▸ **EXERCISE**: From the entries below, copy exactly the lines from the one that contains "我国西南右江盆地中发育了大量" through the one that contains "Victims are also", both included, and only those.

▸ **AVAILABLE DATA**:
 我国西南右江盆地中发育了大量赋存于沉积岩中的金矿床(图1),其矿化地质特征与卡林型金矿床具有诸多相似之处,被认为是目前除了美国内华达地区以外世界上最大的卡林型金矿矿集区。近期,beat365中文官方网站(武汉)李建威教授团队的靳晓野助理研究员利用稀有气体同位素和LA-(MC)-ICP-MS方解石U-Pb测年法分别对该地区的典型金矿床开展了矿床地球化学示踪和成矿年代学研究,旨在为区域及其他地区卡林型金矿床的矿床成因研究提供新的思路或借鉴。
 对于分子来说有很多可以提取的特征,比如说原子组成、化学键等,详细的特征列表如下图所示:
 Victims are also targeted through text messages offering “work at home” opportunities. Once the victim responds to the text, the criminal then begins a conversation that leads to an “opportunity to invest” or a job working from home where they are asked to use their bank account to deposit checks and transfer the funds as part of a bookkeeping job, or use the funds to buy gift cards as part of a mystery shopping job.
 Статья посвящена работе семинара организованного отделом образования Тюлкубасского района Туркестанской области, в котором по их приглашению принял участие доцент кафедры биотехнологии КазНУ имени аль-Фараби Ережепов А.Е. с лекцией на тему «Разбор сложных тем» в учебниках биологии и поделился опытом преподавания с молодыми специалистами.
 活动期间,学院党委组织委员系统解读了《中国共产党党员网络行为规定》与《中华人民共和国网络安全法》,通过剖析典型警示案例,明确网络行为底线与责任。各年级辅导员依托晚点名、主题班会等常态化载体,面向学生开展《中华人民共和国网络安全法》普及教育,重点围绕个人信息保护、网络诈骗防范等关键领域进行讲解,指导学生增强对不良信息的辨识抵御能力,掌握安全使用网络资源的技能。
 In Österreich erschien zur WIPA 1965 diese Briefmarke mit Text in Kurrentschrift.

* * *

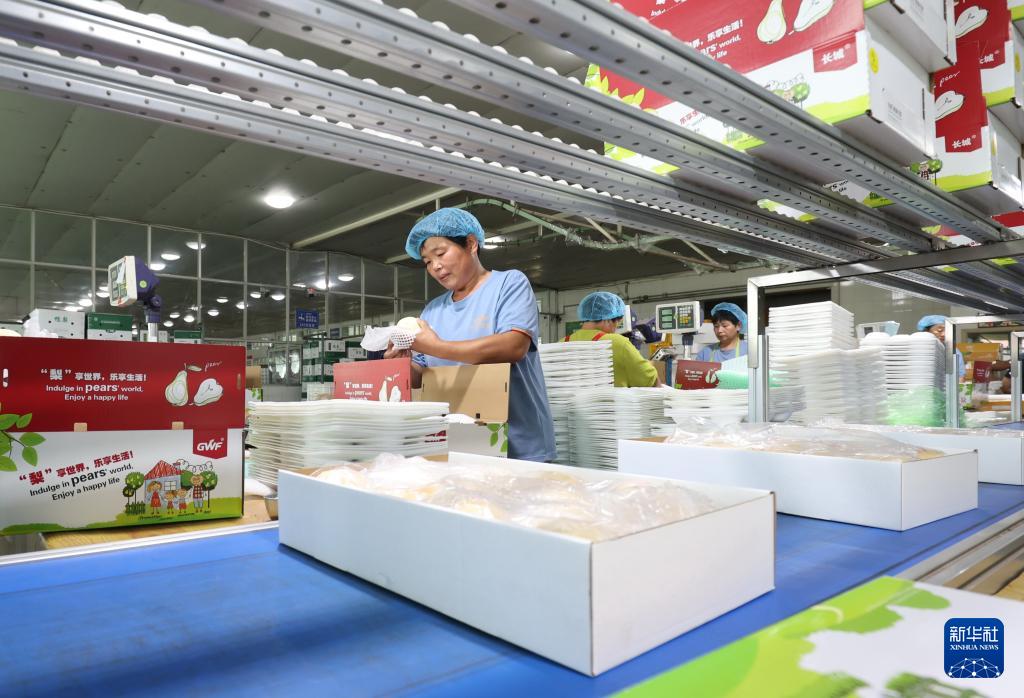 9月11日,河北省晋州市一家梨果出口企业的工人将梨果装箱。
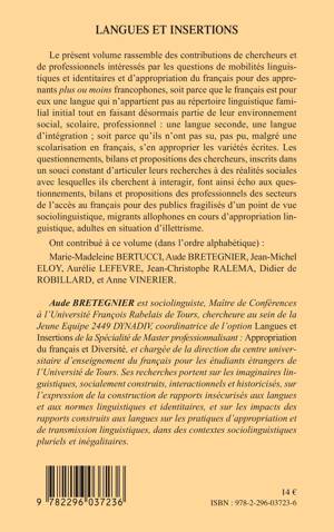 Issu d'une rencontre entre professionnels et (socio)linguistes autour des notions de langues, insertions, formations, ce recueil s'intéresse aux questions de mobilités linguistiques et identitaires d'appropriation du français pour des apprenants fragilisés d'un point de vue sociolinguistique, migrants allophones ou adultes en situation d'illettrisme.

...

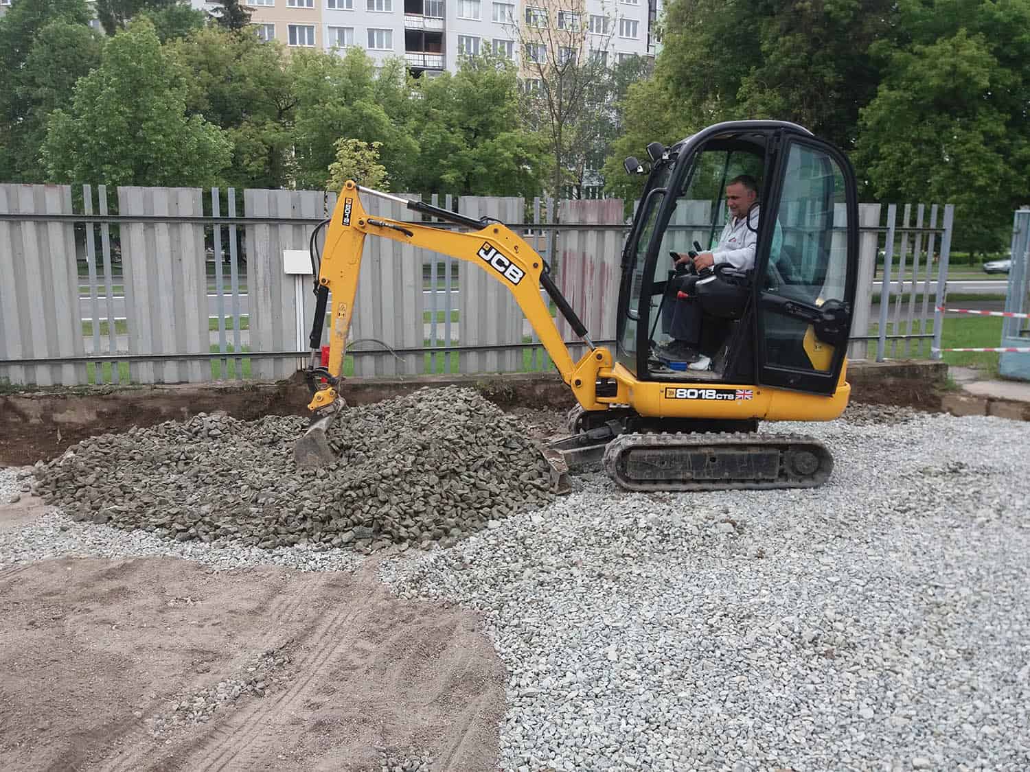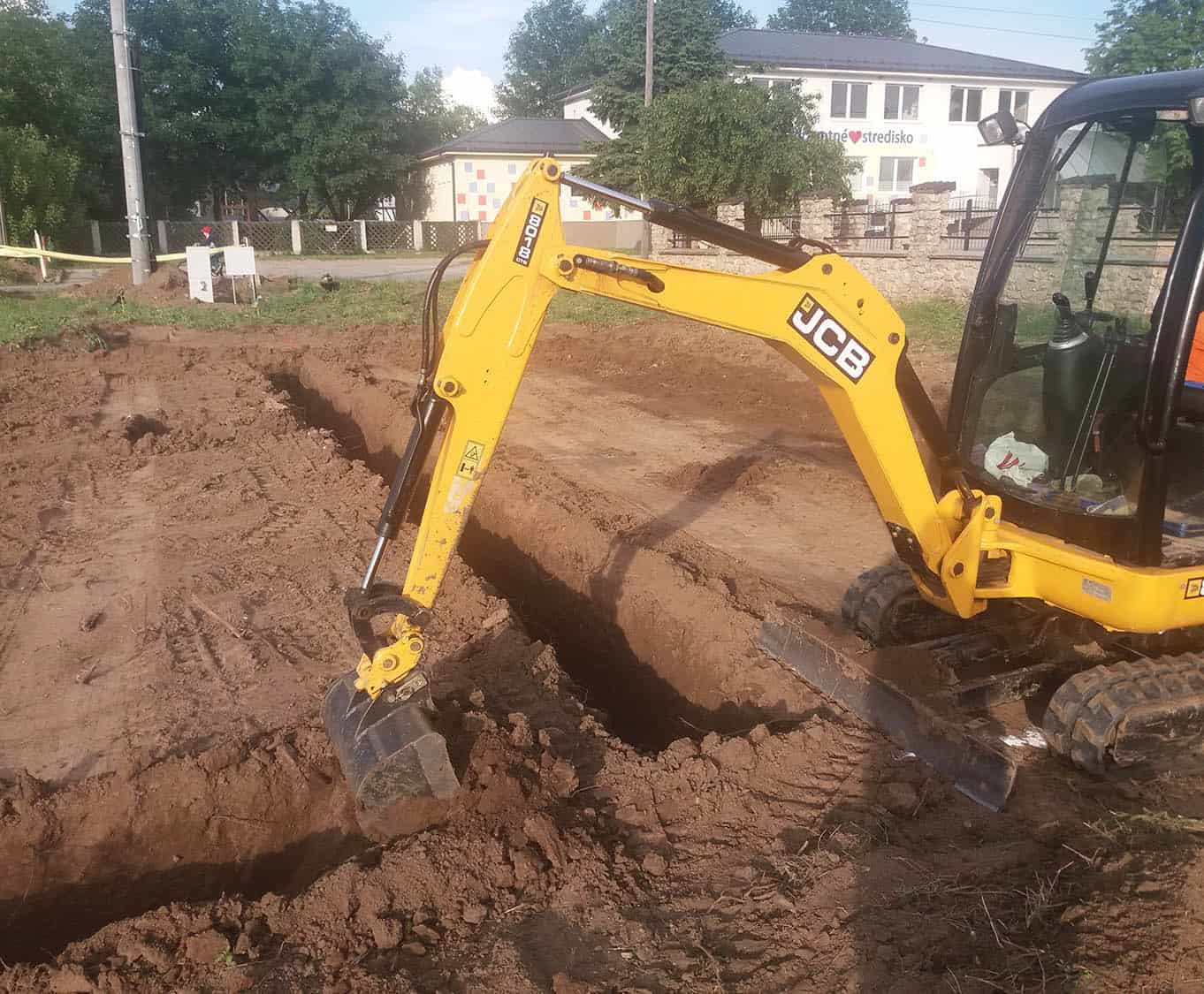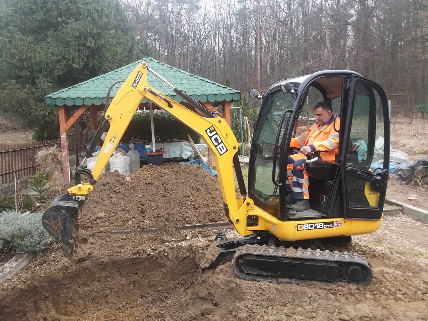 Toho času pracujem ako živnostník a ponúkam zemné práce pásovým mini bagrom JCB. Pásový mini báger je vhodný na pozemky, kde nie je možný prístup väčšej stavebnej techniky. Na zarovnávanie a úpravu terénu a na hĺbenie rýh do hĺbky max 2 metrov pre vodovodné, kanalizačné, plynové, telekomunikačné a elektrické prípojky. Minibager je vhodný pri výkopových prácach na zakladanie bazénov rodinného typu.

▸ **EXPECTED ANSWER**:
 我国西南右江盆地中发育了大量赋存于沉积岩中的金矿床(图1),其矿化地质特征与卡林型金矿床具有诸多相似之处,被认为是目前除了美国内华达地区以外世界上最大的卡林型金矿矿集区。近期,beat365中文官方网站(武汉)李建威教授团队的靳晓野助理研究员利用稀有气体同位素和LA-(MC)-ICP-MS方解石U-Pb测年法分别对该地区的典型金矿床开展了矿床地球化学示踪和成矿年代学研究,旨在为区域及其他地区卡林型金矿床的矿床成因研究提供新的思路或借鉴。
 对于分子来说有很多可以提取的特征,比如说原子组成、化学键等,详细的特征列表如下图所示:
 Victims are also targeted through text messages offering “work at home” opportunities. Once the victim responds to the text, the criminal then begins a conversation that leads to an “opportunity to invest” or a job working from home where they are asked to use their bank account to deposit checks and transfer the funds as part of a bookkeeping job, or use the funds to buy gift cards as part of a mystery shopping job.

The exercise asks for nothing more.